## What to produce
Starting at the line below with "1月8日下午,教师教育系在系" and stopping at the line with "Por otro lado, el", please print each line exactly, those two included, and skip every picture.

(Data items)
=======

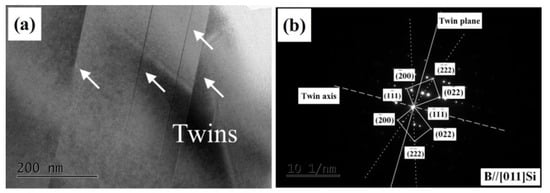 However, unlike eutectic Si, the Eu element did not greatly partition into the primary Si and surrounding Al dendrites in Figure 6d. Compared to the modified eutectic Si (Figure 7), fewer parallel twins, rather than multiple twins, were observed in primary Si in the HP Al–16Si–0.2Eu alloy, as shown in the TEM image of primary Si (Figure 8a) and the corresponding SADP (Figure 8b). Therefore, the refinement of primary Si in the HP Al–16Si–0.2Eu alloy is not caused by IIT and the poisoning of TPRE mechanisms. As Eu has exceedingly limited solid solubility in primary Si, the accumulation of Eu elements at the growing interface of primary Si will be formed due to the rejection of the Eu solute from the primary Si during the solidification process. Therefore, a constitutional undercooling was established, which restricted the growth of primary Si and refined them in the HP Al–16Si–0.2Eu alloy.
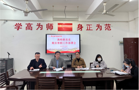 1月8日下午,教师教育系在系会议室召开期末寒假工作部署会,系党总支书记蔡文艺、系主任杨丽英、副书记仲山民、副主任白碧慧及全体教职工参加了会议。
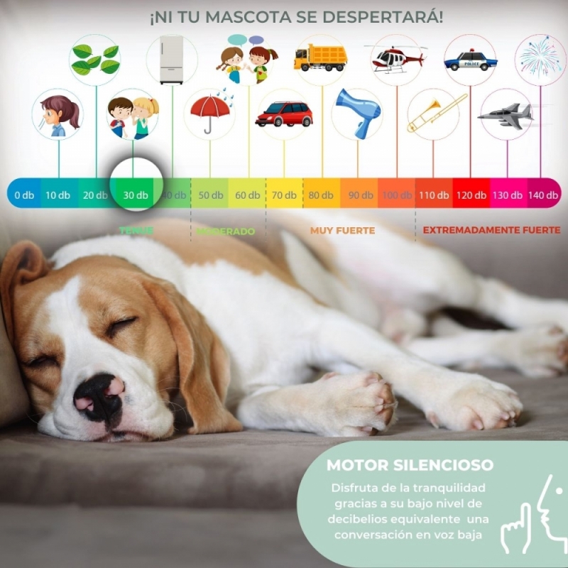 Por otro lado, el compresor del colchón antiescaras es compacto, fiable, fácil de usar y muy silencioso, equivalente a una conversación en voz baja en proporción a los niveles de decibelios respecto a los diferentes tipos de ambientes, un punto que hay que tener en cuenta ya que para su uso debe estar siempre conectado.
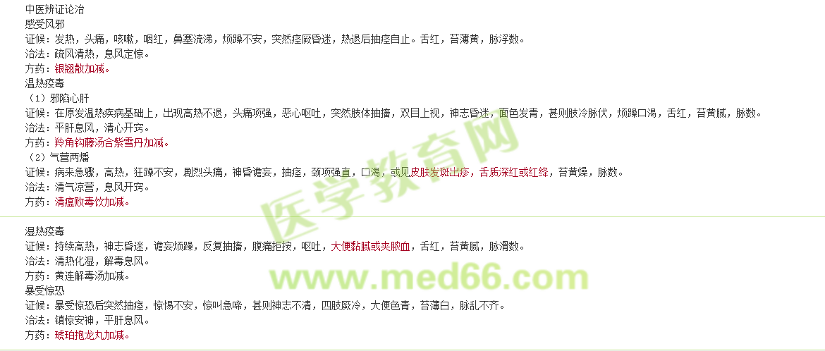 4.有明顯的原發(fā)疾病,如感冒、肺炎喘嗽、疫毒痢、流行性腮腺炎、流行性乙型腦炎等。中樞神經(jīng)系統(tǒng)感染者,神經(jīng)系統(tǒng)檢查病理反射陽(yáng)性。
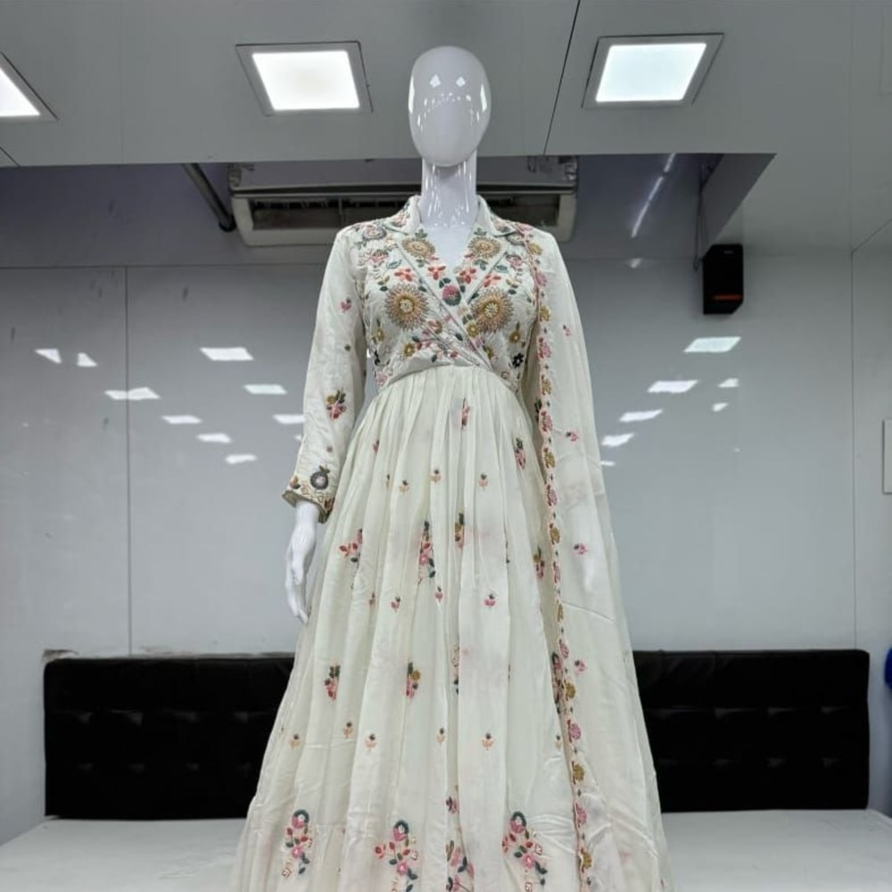 Ivory, with accents of pink, green, yellow, and gold Anarkali Dress
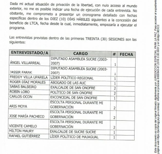 Con esta iniciativa, busca complementar el aporte preliminar a la verdad. Como se recordará el exgobernador de Sucre fue condenado a 40 años por el crimen del entonces alcalde de El Roble, Eudaldo León ‘Tito’ Díaz Salgado.
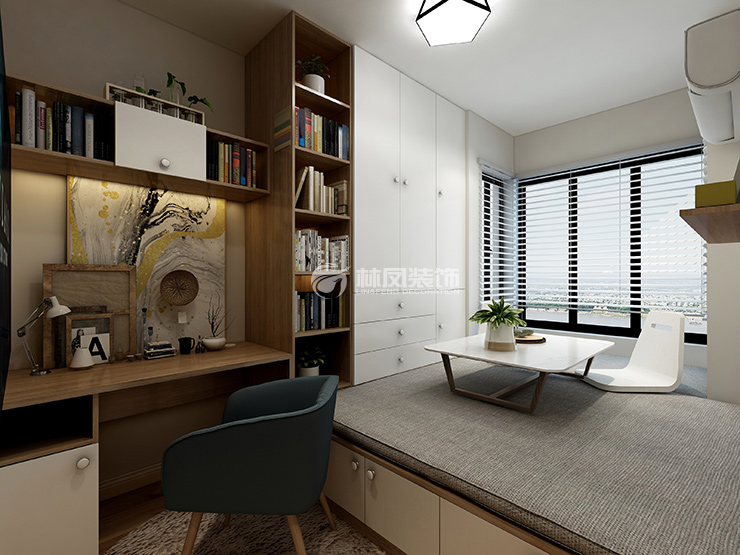 【主卧室说明】主卧室有一个飘窗,是在卧室这个隐私的区域里有一个休闲看书的地方。一直是原木色在为主调。还有壁画作为搭配。所有东西都是暖色调也可以起到舒适和放松心情的作用。
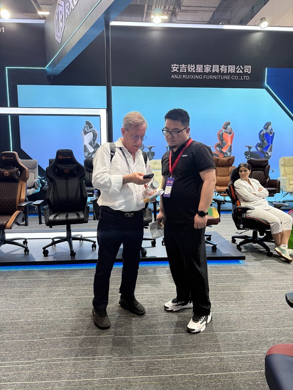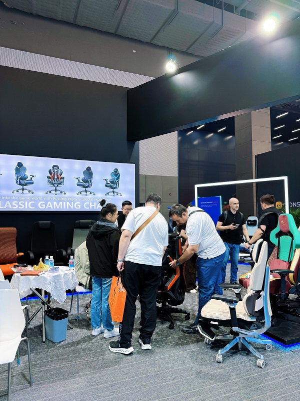 Durante la exposición, Anji Ruixing Furniture destacó sus sillas de juego de diseño y desarrollo propio, lo que marca un hito importante en el viaje de innovación de la empresa. Entre las muchas piezas destacadas estuvo el debut del RX-K7 , RX-K8 , y RX-6301PRO Serie de sillas gaming. Estas sillas fueron desarrolladas exclusivamente internamente, con moldes personalizados diseñados por nuestro equipo de expertos para crear formas únicas y ergonómicamente optimizadas que satisfagan las altas demandas de los jugadores. El lenguaje de diseño de estos modelos refleja nuestro compromiso de combinar funcionalidad con estética, ofreciendo una experiencia de juego cómoda e inmersiva.
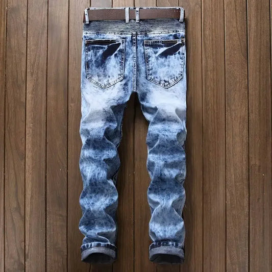 Mens Distressed Pleated Knee Patch Painted Stretch Skinny Jeans Ripped Denim Pants Brand Hip Hop Black Casual Trousers for men
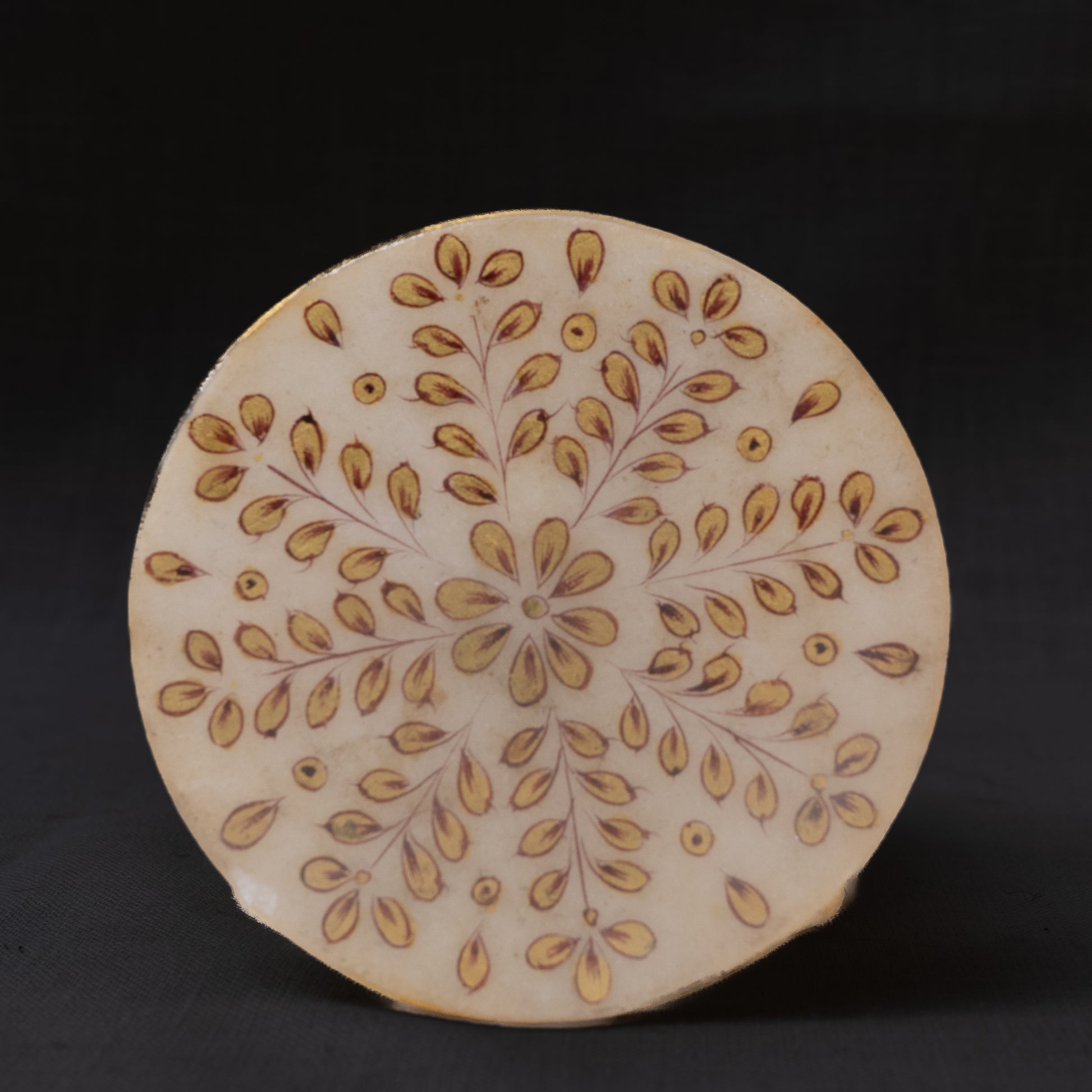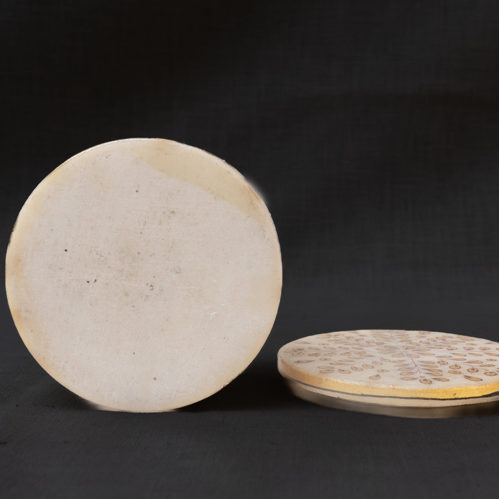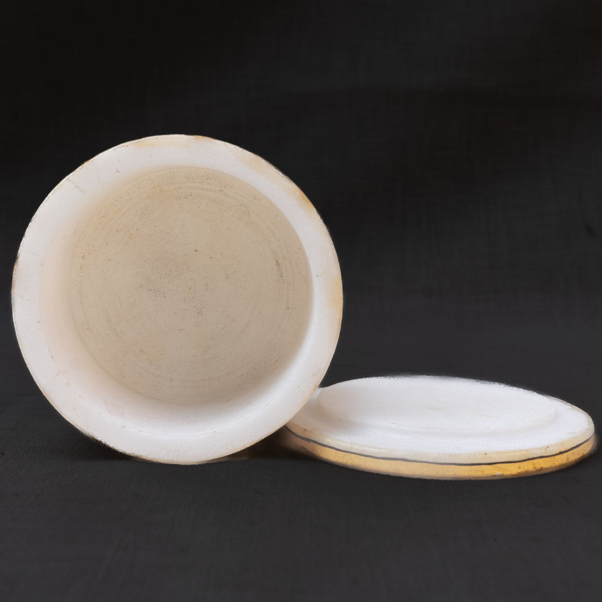 A delicate and luminous trinket box rendered in creamy alabaster-toned stone, inspired by the refined courtly aesthetics of the Mughal Empire. The cylindrical form is adorned with hand-painted foliate motifs in stylized palmettes and floral buds, executed in warm crimson and gilded hues, echoing the symmetrical geometry of imperial Mughal ornamentation. The lid is rimmed with gilt detailing, lending an added sense of luxury to this petite object. Whether used to hold rings, prayer beads, or treasured keepsakes, this box channels the opulence of Mughal ateliers—where artisans merged Persianate forms with indigenous materials to create objects of sublime elegance. A quiet yet potent testament to the enduring appeal of Indo-Islamic design in decorative arts.
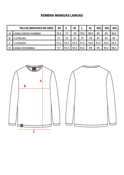 Remera mangas largas. Estampa serigráfica en altura, a un color, en frente y espalda. JERSEY 24/1 - 100% ALGODÓN.

=======

## Result of this task
 1月8日下午,教师教育系在系会议室召开期末寒假工作部署会,系党总支书记蔡文艺、系主任杨丽英、副书记仲山民、副主任白碧慧及全体教职工参加了会议。
 Por otro lado, el compresor del colchón antiescaras es compacto, fiable, fácil de usar y muy silencioso, equivalente a una conversación en voz baja en proporción a los niveles de decibelios respecto a los diferentes tipos de ambientes, un punto que hay que tener en cuenta ya que para su uso debe estar siempre conectado.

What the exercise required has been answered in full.